AKfanatic wrote:DASMACKDOWN wrote:Susan wrote:
He earned his reputation.
The Bulls had the worst run of any pro sports team ever when MJ left. There's probably hundreds, if not thousands of people who could have built a championship level roster with MJ, there's only one MJ.
**** Jerry Krause, **** Gar Forman, **** Tim Floyd and **** Fred Hoiberg.
I may not say it as harsh but I agree with the sentiment. Krause earned his reputation because of what happened AFTER the dynasty.
His ego is what caused the breakup. And what happened after, was the universe telling him to humble himself.
Krause literally said he will get his team into the playoffs in 3 years. Well in the 5 years after the breakup, the Bulls were the worst team in league history during that stretch. And its funny that it recovered the moment Krause left.I know Krause aint around to defend himself or clarify his remarks, but his points were clear as day.
Here’s the previously mentioned podcast
http://m.espn.com/general/play?id=27061448
Good re-listen (I forgot about this interview, I did listen to it when it came out). Krause had a bunch of strikes, particularly 97-99 (one after another), but he was an exceptionally genius scout and excellent GM, a pioneer in many ways. I dunno if I buy that a bunch of GMs could've made a chip roster with Jordan. Yeah, MJ was the best player ever, but there have been super intense MVP players who never sniffed a championship with their
draft-organizations (Garnett, Lebron). A very common mistake is overloading early with contracts and vets due to the player's demand, and then by the time they hit their prime, the roster and cap/draft situation is total junk. In many ways, same thing going on with Milwaukee- they have a great little window and an excellent coach but I would say that team has very serious flaws when you consider they're capped.

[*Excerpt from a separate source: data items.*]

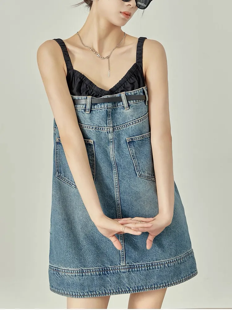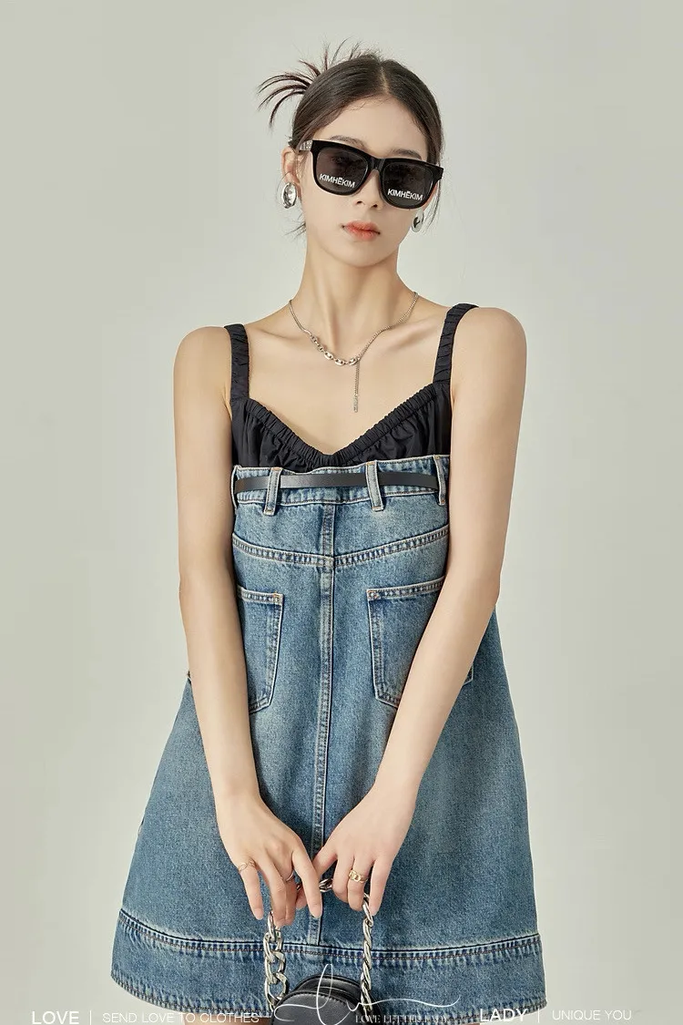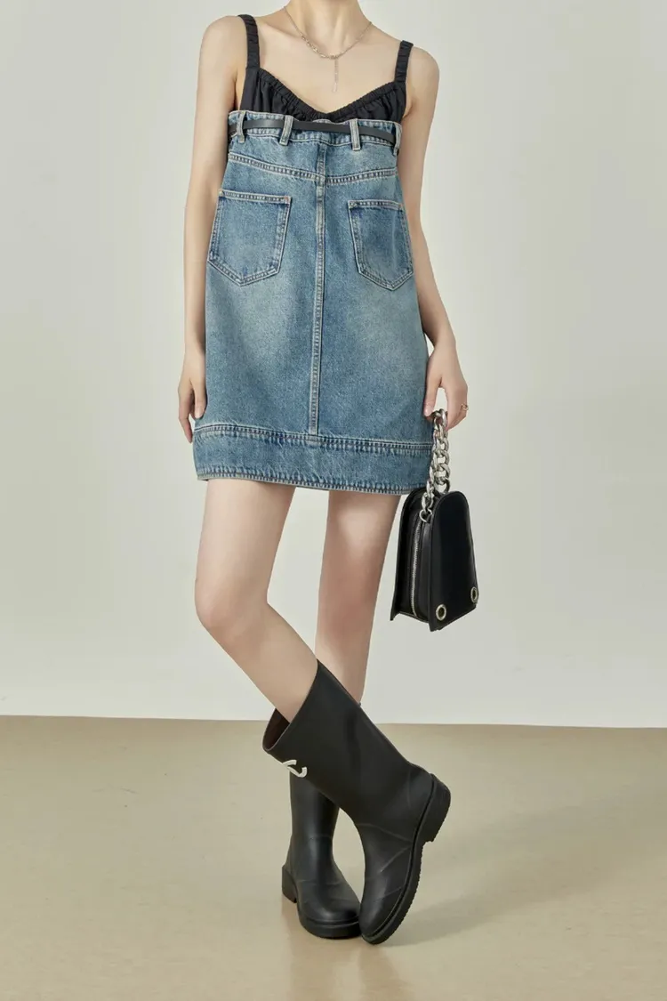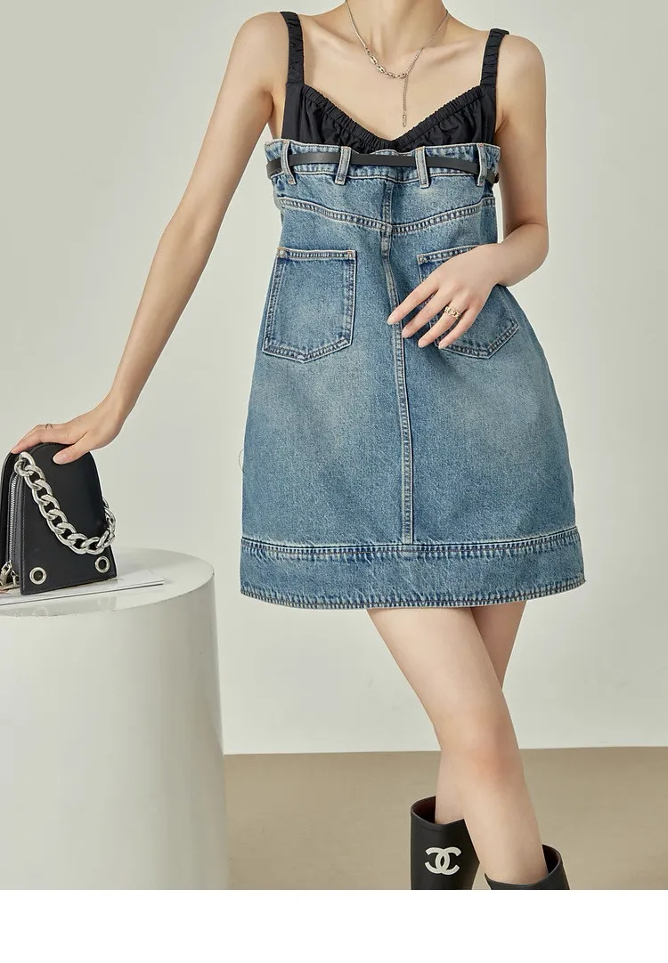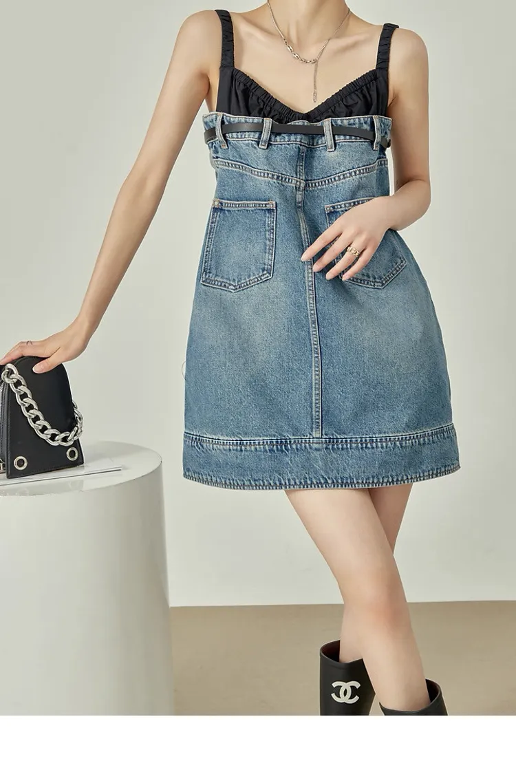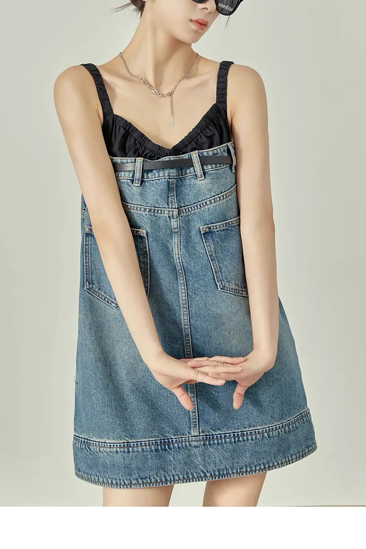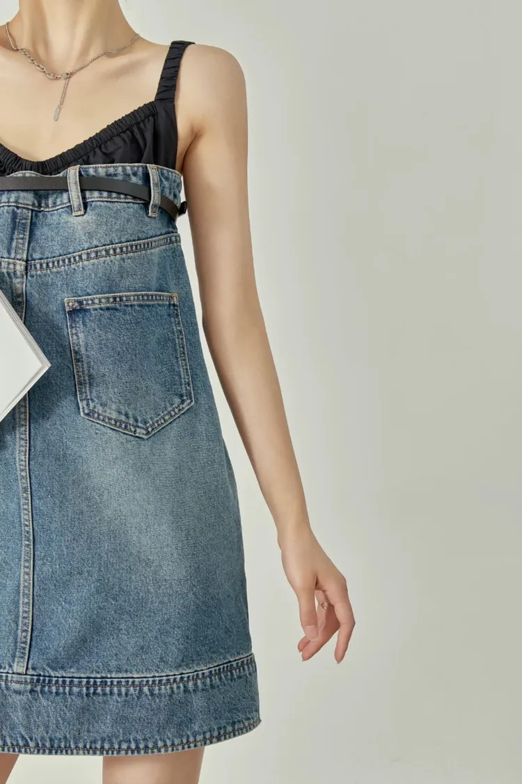 拼接牛仔洋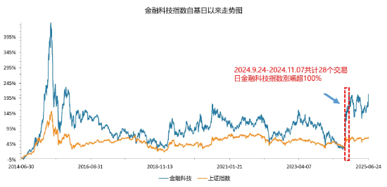 注:2014.6.30-2025.6.25,金融科技ETF被动跟踪中证金融科技主题指数,该指数基日为2014.6.30,发布日期为2017.6.22,该指数2020-2024年年度涨跌幅分别为:10.46%7.16%-21.40%10.03%31.54%指数成份股构成根据该指数编制规则适时调整,其回测历史业绩预示指数未来表现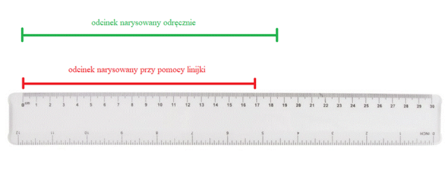 Sporządź rysunki odcinków bez mierzenia oraz za pomocą linijki.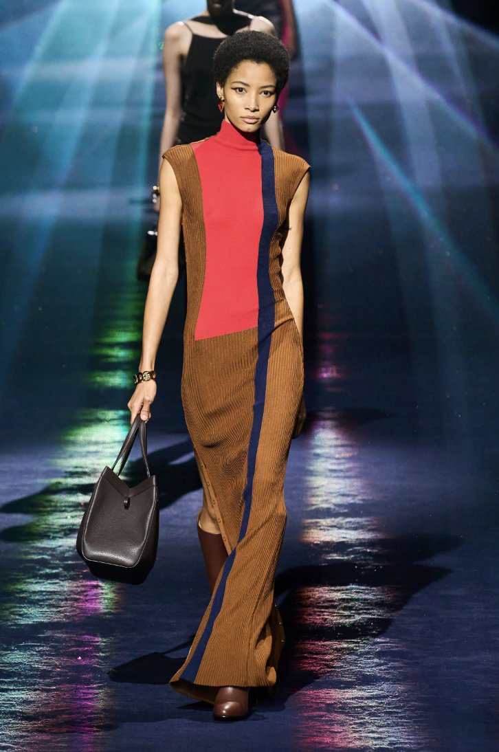 Fendi, her daim geçmişine modern bir yaklaşımla bakan bir marka. Koleksiyon, 1996 Sonbaharı Fendi arşivlerinden yeniden canlandırılan grafik motiflerle tarihini kutluyor.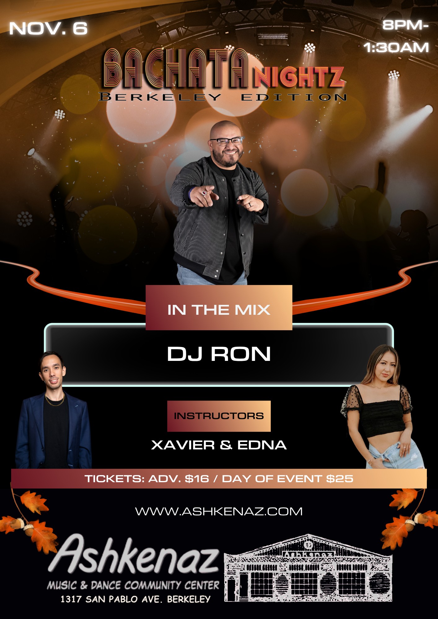 Advance Tickets $16 ( Advance Sales end Wed. Nov. 5 at 11:59pm )
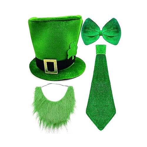 set di accessori per costume da folletto di San Patrizio da uomo, materiale in poliestere, cappello a cilindro verde con fibbia, barba finta, papillon e cravatta, feste e celebrazioni festive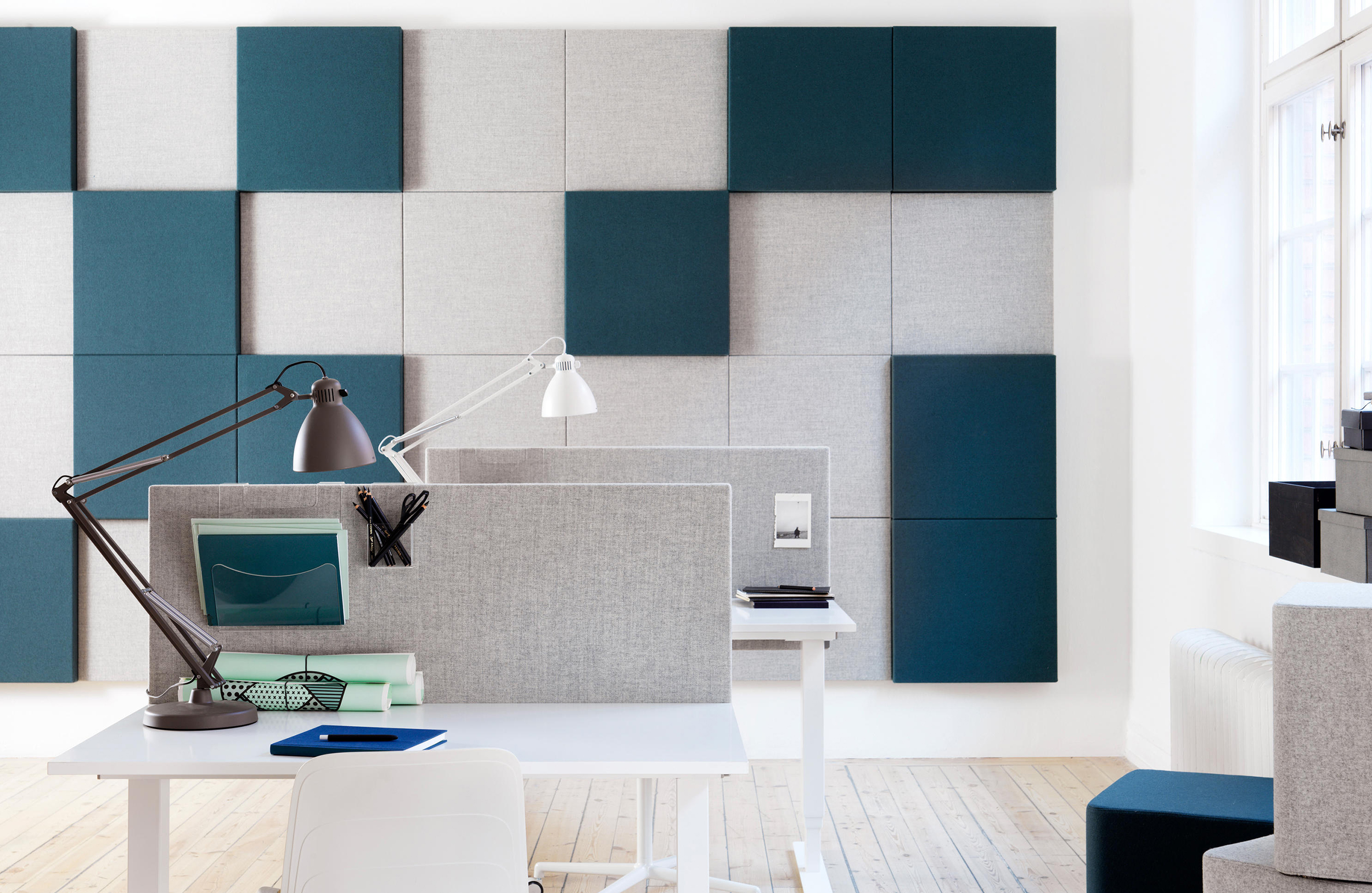 Soneo Wall提供具有吸音方块的功能性创意。由于其时尚,不引人注目的设计,它可以覆盖更大的墙壁区域,从而融入环境。可以使用Soneo Wall的颜色和相对定位创建令人兴奋的阵型。方形墙模块可以组合以创建不同的图案形式。每个模块包括安装在木框架上的吸音再生聚酯填料。两侧均采用布料。背面配有黑色面料作为标准配置。安装在钢制墙托架上。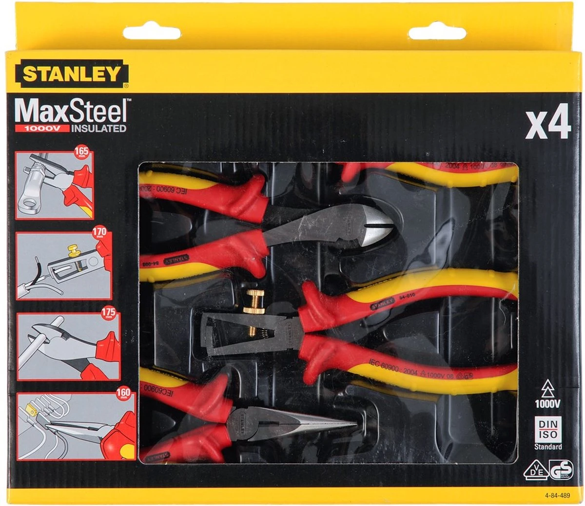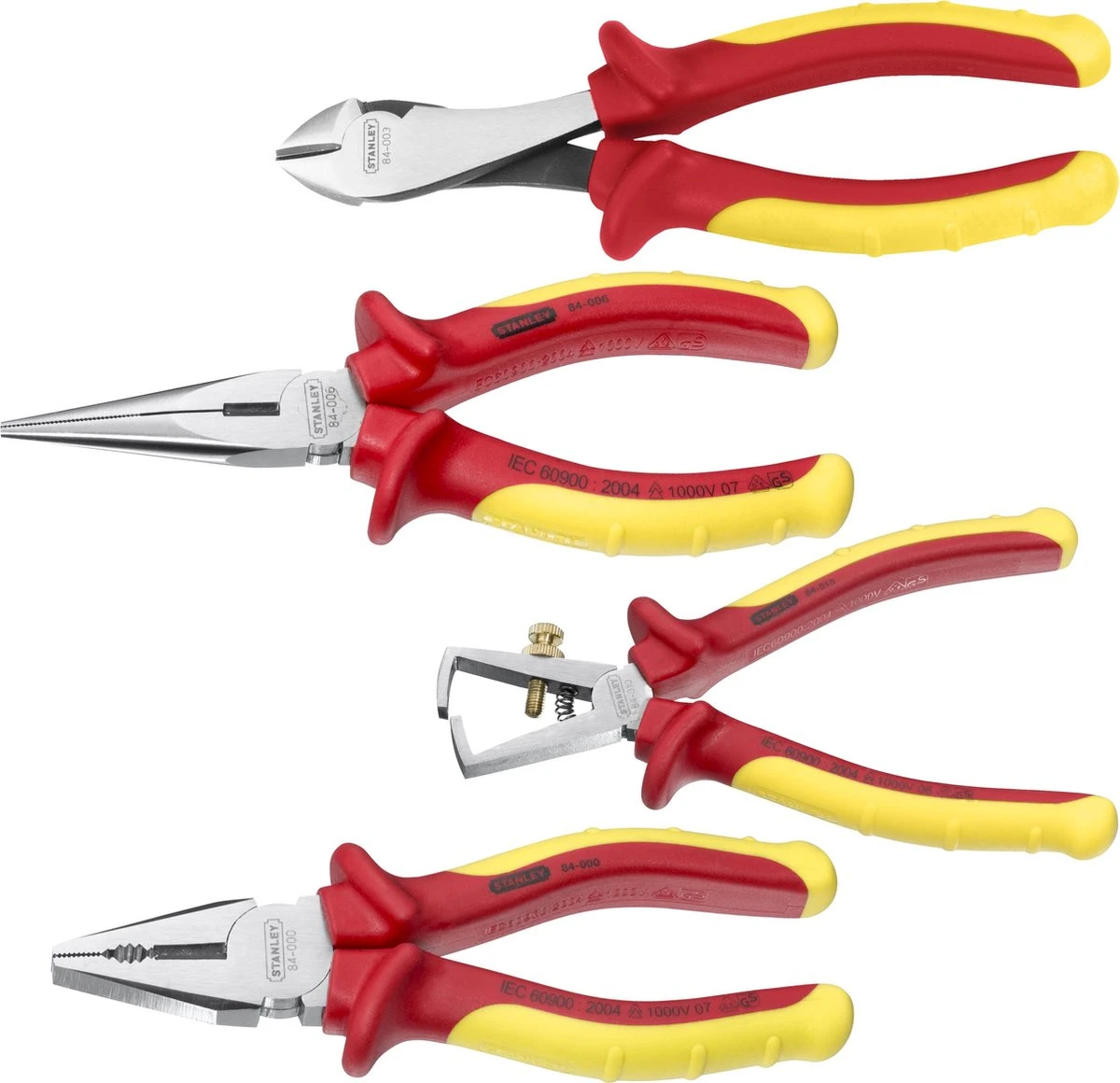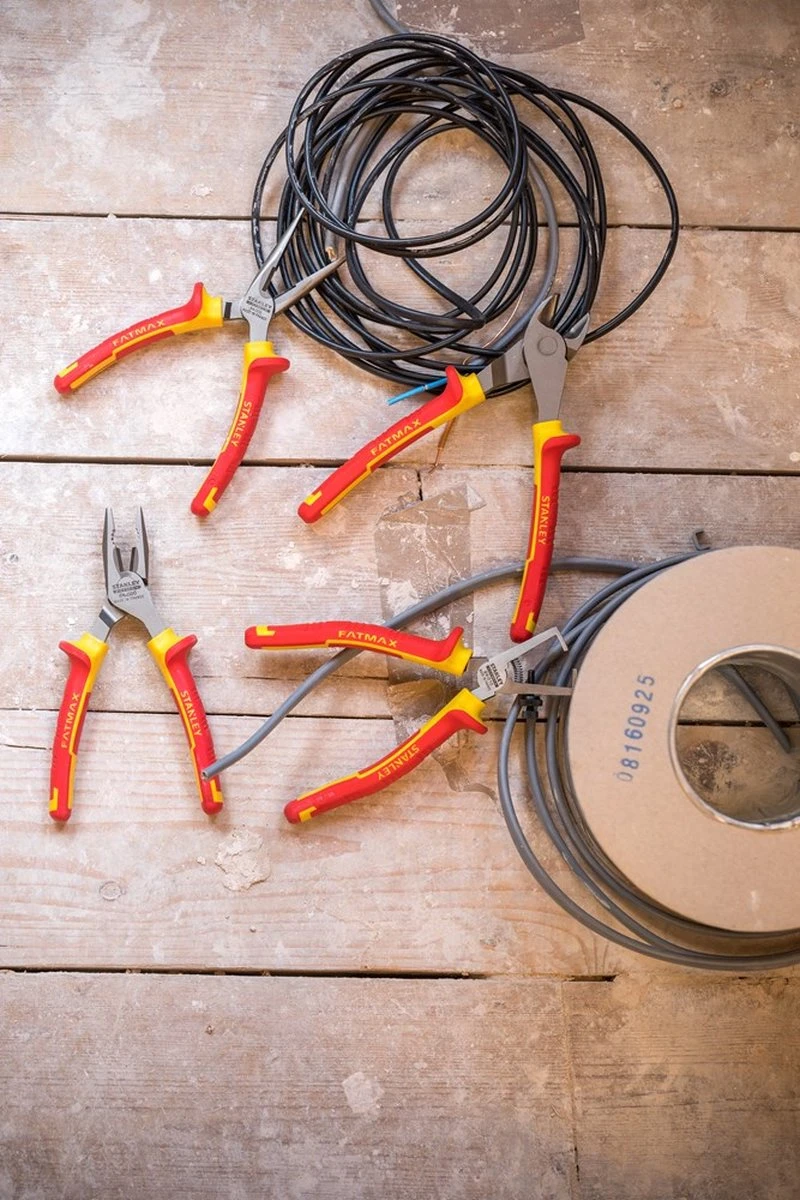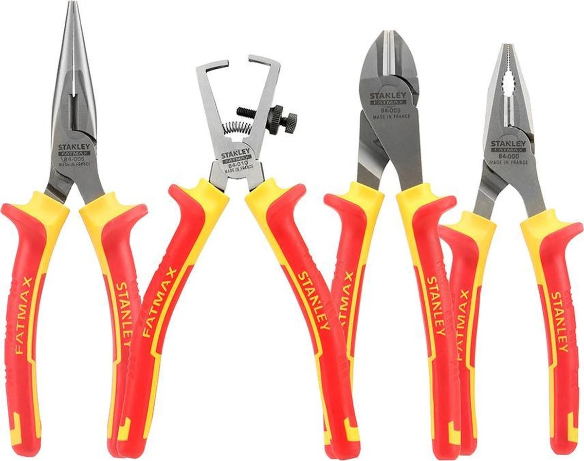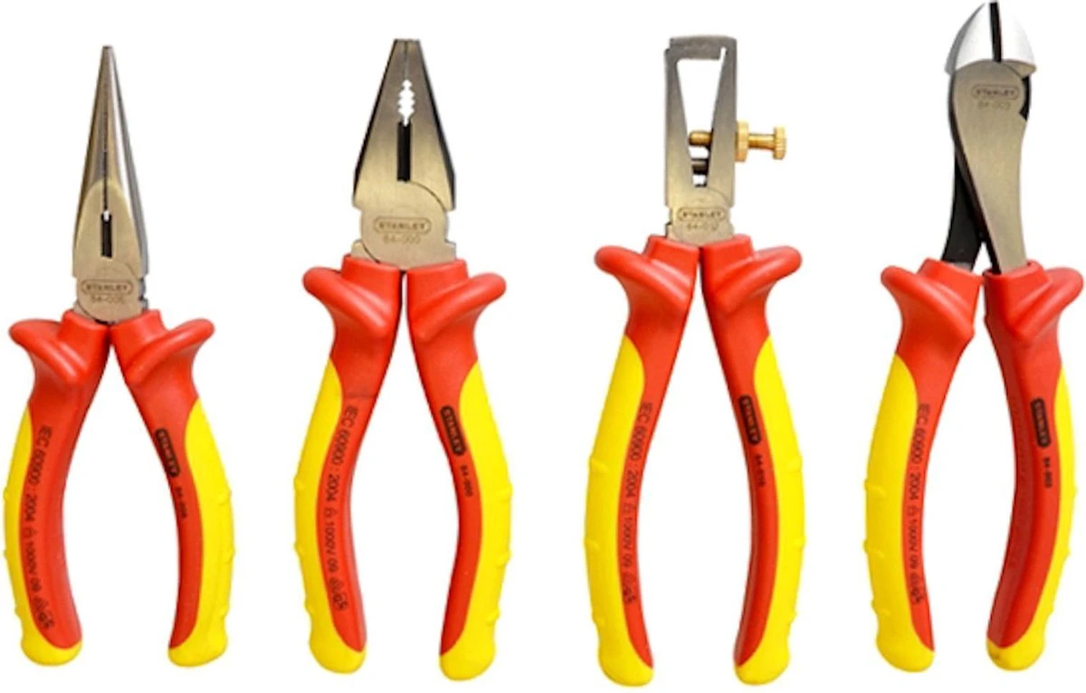 Met de Stanley VDE Tangenset kun je aan de slag in elke omgeving. De tangen zijn bestand tegen schokken en daarmee de ideale set voor elke elektricien. De set bevat een combinatietang, zijsnijtang, telefoontang en striptang. Dit maakt het onder andere mogelijk om kabels te knippen, grijpen, klemmen, buigen en plat te drukken.
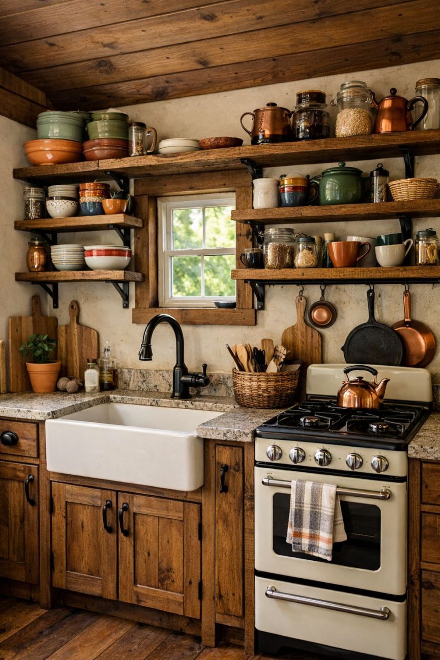 The kitchen is compact yet efficient, designed with both functionality and style in mind. Rustic wooden cabinetry provides ample storage, complemented by stone countertops that offer a durable and elegant workspace. A vintage-style gas stove and a deep farmhouse sink serve as focal points, blending modern conveniences with traditional charm. Open shelving made from reclaimed wood showcases a selection of colorful crockery and adds a personal touch to the space. Natural light pours in through a small window, illuminating the kitchen's warm, earthy tones and creating a welcoming environment for culinary creativity.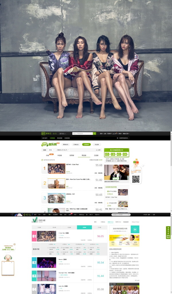 28일 중국 대표 음원사이트 QQ뮤직과 최대의 동영상 사이트 '인위에타이'에 따르면, 지난 21일 공개된 씨스타의 네 번째 미니앨범'沒我愛(몰아애)'의 타이틀곡 '아이 라이크 댓'뮤직비디오는 K팝 뮤직비디오 순위를 집계한 주간차트에서 1위에 올랐다.

Also, in many ways, the same thing happened with the Rose Bulls - you can strongly argue they would've been better off without Boozer and stuck to "Lebron/Wade or nothing." Chicago fanbase would've gotten the pitchforks out, but you have to wonder how much better the 2012 situation would've been. Personally I liked that 2010-12 ECF-run with Boozer/vets, but I'm a RealGM not a "real" GM.

Actually to correct that statement, I was big on the idea of trading for a half-complete/near-expiring contract (like Al Jefferson) instead of marrying a 4-year deal for a declining fringe star (I was an Illini Deron fan, did not like what I saw from Boozer in his last Utah
playoff appearance - he almost exclusively turned into a high-post PnR shooter after the injuries, as opposed to the scrappy bruiser he was prior). But those X-Y-Z moves are way harder than A-B-C imo. That's why I credit Toronto heavily for getting the chip done. It wasn't pretty (took a lot of terrible GSW injuries) and it was a short window, but the way they persisted with core players and kept developing and tweaking, adding talent (both players and coaches), it was masterfully done considering the city really had no business winning a championship. GarPax found something good in 2010 and basically stood pat as long as possible, addressing problems with vet min contracts and zero trades.
Krause should get the credit he deserves for Pippen, Cartwright and Phil. Those were all out-of-nowhere moves. You don't trade a superstar's best friend (Oakley). Pippen was a draft-trade steal from a tiny program. Phil is easily the most unique coach in NBA history who probably would've never gotten an NBA job if Krause didn't have that long-time fascination. All the other coaches, Winter, Bach, the trainers - there was a lot of talent on the bench. He did a lot of things well.
Some of his stubborn/ego hard-wall decisions came back to haunt him, but Krause was elite at what he did. I maintain that he continued drafting really well (besides for skipping Pau), but the coaching and behind-the-scenes structure took a total nose-dive as the NBA changed a lot.
I think the personalities of the NBA players started changing drastically from 95 on. The Iverson, Curry, Artest, Q Rich, Francis age - these were a new generation of street-raised kids far different than the small-town country boys with family and college-coach structures (MJ, Pippen). Different psychological approach to managing those relationships and developing their personalities and games. Apparently MJ himself didn't get it either, with Kwame and his younger Wizards teammates.
Frankly, I don't think Gar nor Pax got it either. Deng, Hinrich, Nocioni up to Boozer, Taj, Noah - these were 80s/early-90s players.

They were still good in the NBA, but not championship caliber in a league full of dynamic passers and dribblers. When the hand-check rules came along in 05, Kirk was quickly obsolete as a ball-handler. I think Duhon was secretly more important than anybody thought. There was no point-anybody on that team until Derrick. I still maintain that the GarPax build from 08-16 was pretty much very mediocre, despite the success we had with Thibs. There was such a large dip in offensive production compared to other contenders, you couldn't just rely on Derrick. The fact that the Bulls looked so overwhelmed against the #8 seed Sixers (after Derrick's ACL) was so telling.